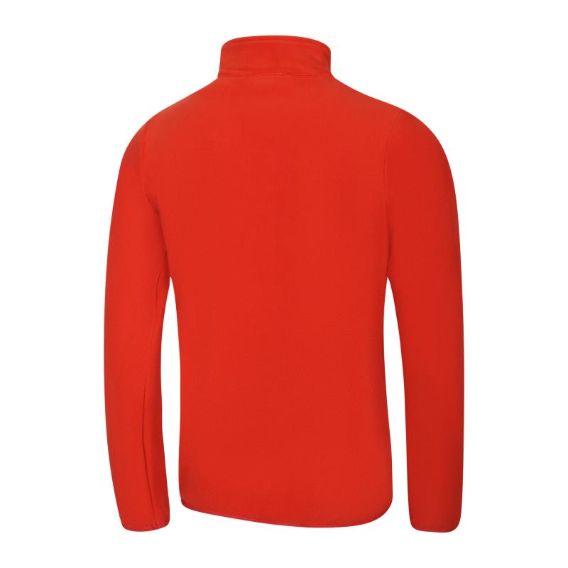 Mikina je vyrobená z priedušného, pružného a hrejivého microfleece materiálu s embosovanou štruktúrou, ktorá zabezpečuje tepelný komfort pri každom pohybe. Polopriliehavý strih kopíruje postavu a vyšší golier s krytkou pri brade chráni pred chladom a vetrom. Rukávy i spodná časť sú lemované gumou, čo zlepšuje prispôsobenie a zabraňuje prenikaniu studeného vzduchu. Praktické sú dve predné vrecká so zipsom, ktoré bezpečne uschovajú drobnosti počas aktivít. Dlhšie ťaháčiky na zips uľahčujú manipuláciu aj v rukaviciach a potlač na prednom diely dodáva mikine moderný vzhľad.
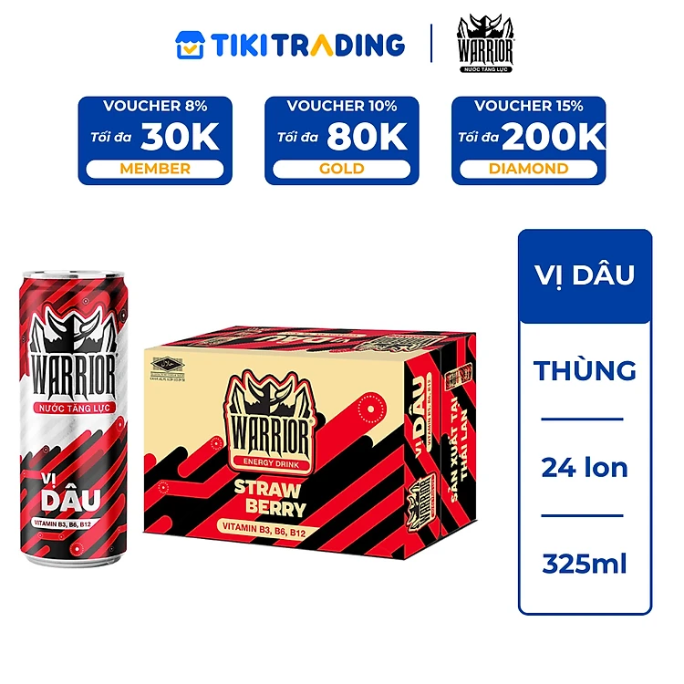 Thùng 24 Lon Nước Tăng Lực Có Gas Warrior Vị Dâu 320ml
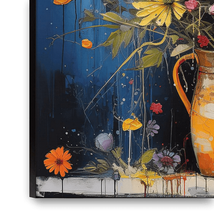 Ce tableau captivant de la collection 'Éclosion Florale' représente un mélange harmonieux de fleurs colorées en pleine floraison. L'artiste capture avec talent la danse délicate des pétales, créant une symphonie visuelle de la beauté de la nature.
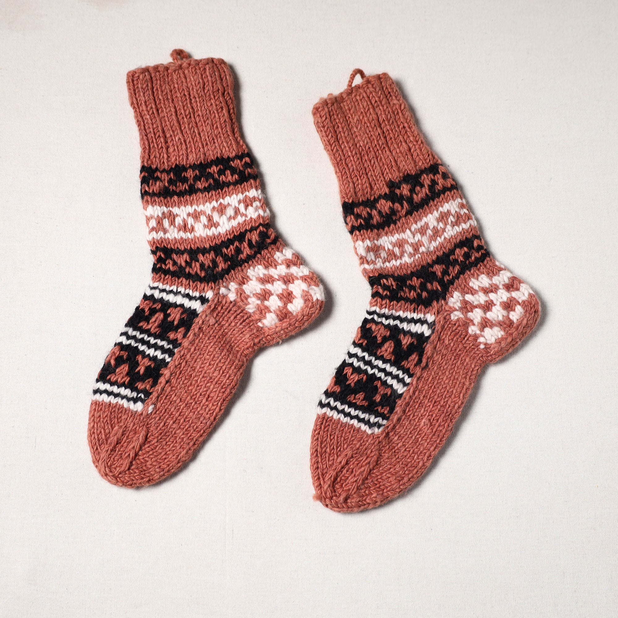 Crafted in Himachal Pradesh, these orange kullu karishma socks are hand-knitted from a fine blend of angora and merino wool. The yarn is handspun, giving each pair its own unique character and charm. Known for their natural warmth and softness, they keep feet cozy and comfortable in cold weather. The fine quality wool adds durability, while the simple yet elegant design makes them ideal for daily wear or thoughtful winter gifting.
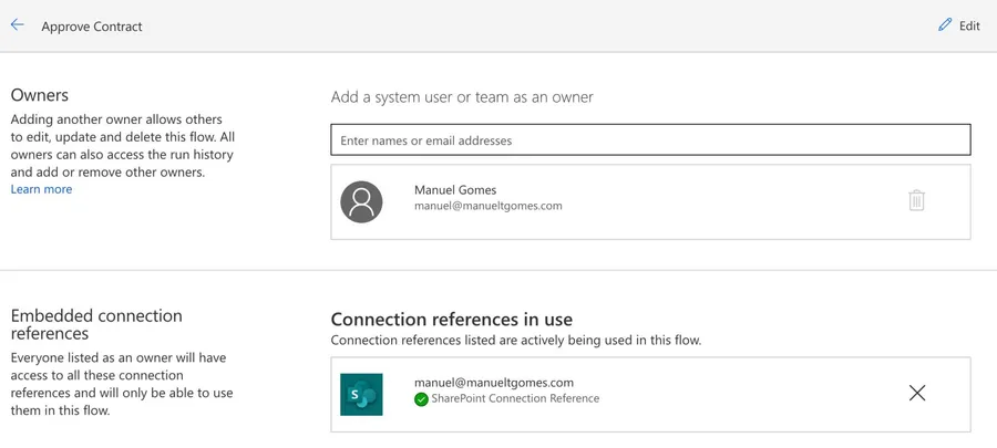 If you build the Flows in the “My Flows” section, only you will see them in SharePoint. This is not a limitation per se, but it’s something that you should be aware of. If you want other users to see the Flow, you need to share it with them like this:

* Your objective: Quote the records above exactly, from the first line through the line containing "Crafted in Himachal", and leave out the pictures.

* Written solution:
 Mikina je vyrobená z priedušného, pružného a hrejivého microfleece materiálu s embosovanou štruktúrou, ktorá zabezpečuje tepelný komfort pri každom pohybe. Polopriliehavý strih kopíruje postavu a vyšší golier s krytkou pri brade chráni pred chladom a vetrom. Rukávy i spodná časť sú lemované gumou, čo zlepšuje prispôsobenie a zabraňuje prenikaniu studeného vzduchu. Praktické sú dve predné vrecká so zipsom, ktoré bezpečne uschovajú drobnosti počas aktivít. Dlhšie ťaháčiky na zips uľahčujú manipuláciu aj v rukaviciach a potlač na prednom diely dodáva mikine moderný vzhľad.
 Thùng 24 Lon Nước Tăng Lực Có Gas Warrior Vị Dâu 320ml
 Ce tableau captivant de la collection 'Éclosion Florale' représente un mélange harmonieux de fleurs colorées en pleine floraison. L'artiste capture avec talent la danse délicate des pétales, créant une symphonie visuelle de la beauté de la nature.
 Crafted in Himachal Pradesh, these orange kullu karishma socks are hand-knitted from a fine blend of angora and merino wool. The yarn is handspun, giving each pair its own unique character and charm. Known for their natural warmth and softness, they keep feet cozy and comfortable in cold weather. The fine quality wool adds durability, while the simple yet elegant design makes them ideal for daily wear or thoughtful winter gifting.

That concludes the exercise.